「皆さん…!大丈夫ですか。怪我は…?」

慌てて、シュニィがこちらに駆け寄ってきた。

「あぁ…。俺の下敷きになったシルナと、ルイーシュの下敷きになったキュレムが腰を痛めたくらいで、あとは無事だ」

「あと、僕の地下足袋が巨人の胃液で溶けただけだよ」

俺が先に答え、令月が付け加えた。

…胃液…?

「そ、そうですか…。ともあれ、皆さんご無事で…」

「あぁ…。そっちは大丈夫だったか?」

「…はい。吐月さんを始めとして…。皆さんが力を貸してくれました」

俺達が無事に冥界から帰る為に、ずっと『門』を開き続けてくれていた吐月。

そして、その『門』を維持する為に力を貸してくれた仲間達。

誰の表情にも、疲労と安堵が浮かんでいる。

その顔を見れば分かる。

…頑張ってくれたんだな。皆…。

「ありがとうな…。

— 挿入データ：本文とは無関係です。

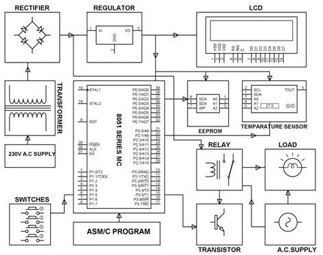 LCD用于顯示-55至+125度范圍內(nèi)的溫度。EEPROM用于由用戶通過8051系列微控制器存儲(chǔ)預(yù)定義的溫度設(shè)置。該繼電器的觸點(diǎn)用于負(fù)載,由微控制器使用晶體管驅(qū)動(dòng)器驅(qū)動(dòng)。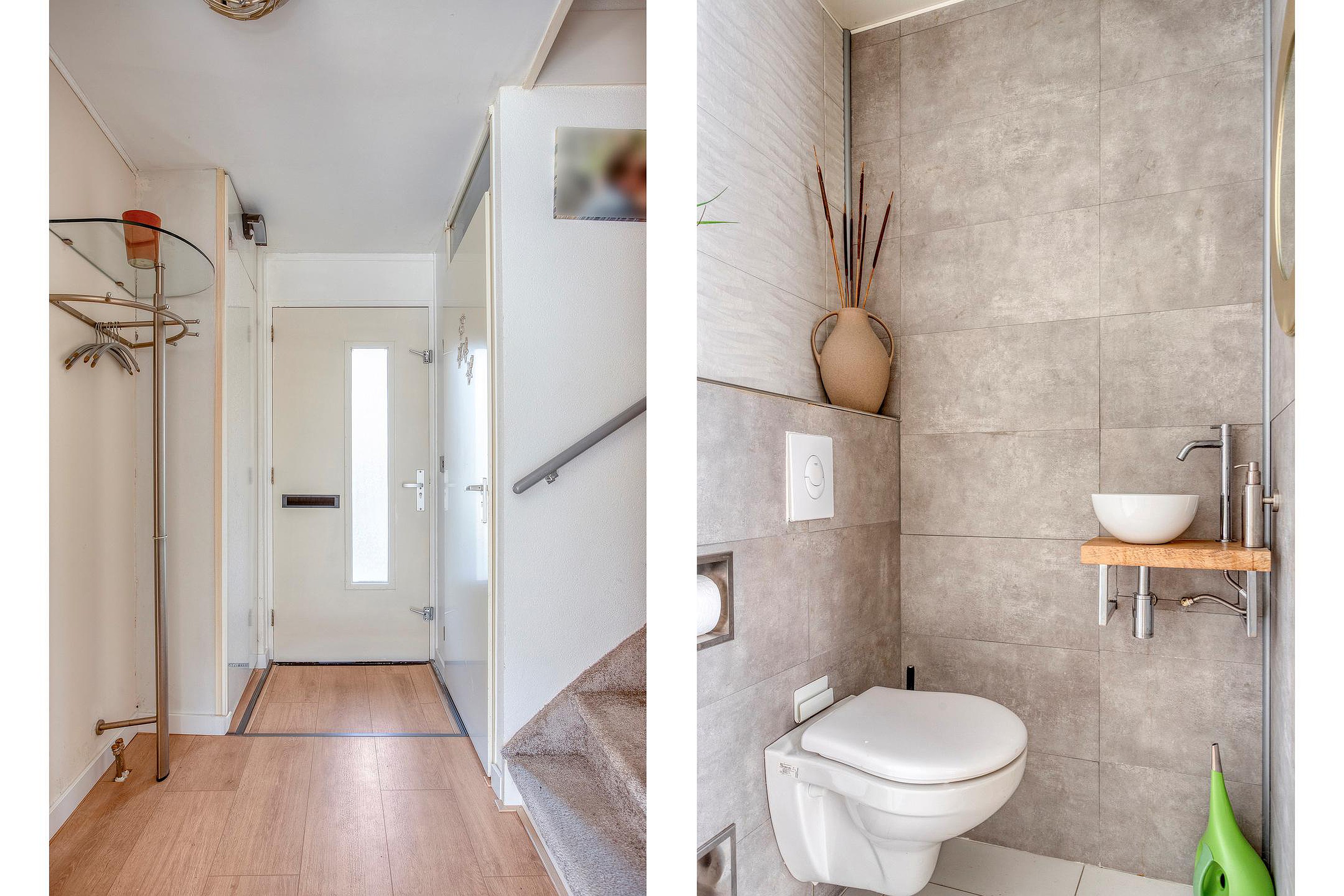 Entree/hal, met toegang tot de woonkamer, toilet, meterkast en trapopgang naar de eerste verdieping.

俺達が無事に戻ってこられたのは、皆のお陰だよ…」

こんな簡単な言葉だけでは、とてもじゃないが感謝を現すことは出来ないけど。

とにかく、まず一番にそう言いたかった。

「それで?感動の再会してるところ悪いけど、目的は果たしたの?」

と、ルディシアが尋ねた。

目的?そうだ。

「マシュリさんの心臓は?見つかったんですか?」

「あぁ。ここに…」

俺は、懐に入れて大事に持ち運んできた、手のひらほどの大きさの、真紅の石を取り出した。

これが、マシュリの心臓…。

「えっ…!」

「…!」

その真紅の心臓が、突然石を持ったように浮き上がった。

な、何なんだ?

浮き上がったかと思うと、心臓は凄まじい勢いで何処かに飛んでいった。

「えっ、えぇぇっ!?」

「し、心臓が勝手に…!?」

嘘だろ。意志を持ってるとでも言うのか。

あとはこの心臓を、マシュリの遺体に戻すだけ…と、すっかり気を緩めていたのが仇になった。

ちょ、何処に行くんだマシュリの心臓。

急いで追いかけなくては…。

と、立ち上がりかけたその時。

「ひょぇぇぇ!羽久助けてぇぇ!」

俺の下敷きになっていたシルナが、俺にしがみついてきた。

「ちょ、何だよいきなり!?」

今それどころじゃないんだよ。飛んでったマシュリの心臓を取り返さな…きゃ…。

「…!?」

振り向いて目に入った「ソレ」に、俺は目を疑った。

俺だけではなく、シュニィや吐月達も驚愕に目を見開いていた。

冥界と現世を繋ぐ『門』。俺達が転送されてきた、その赤黒い裂け目から。

無数のガイコツの群れが、「こちら側」に手を伸ばしているではないか。

…やべぇ。連れてきちゃった…。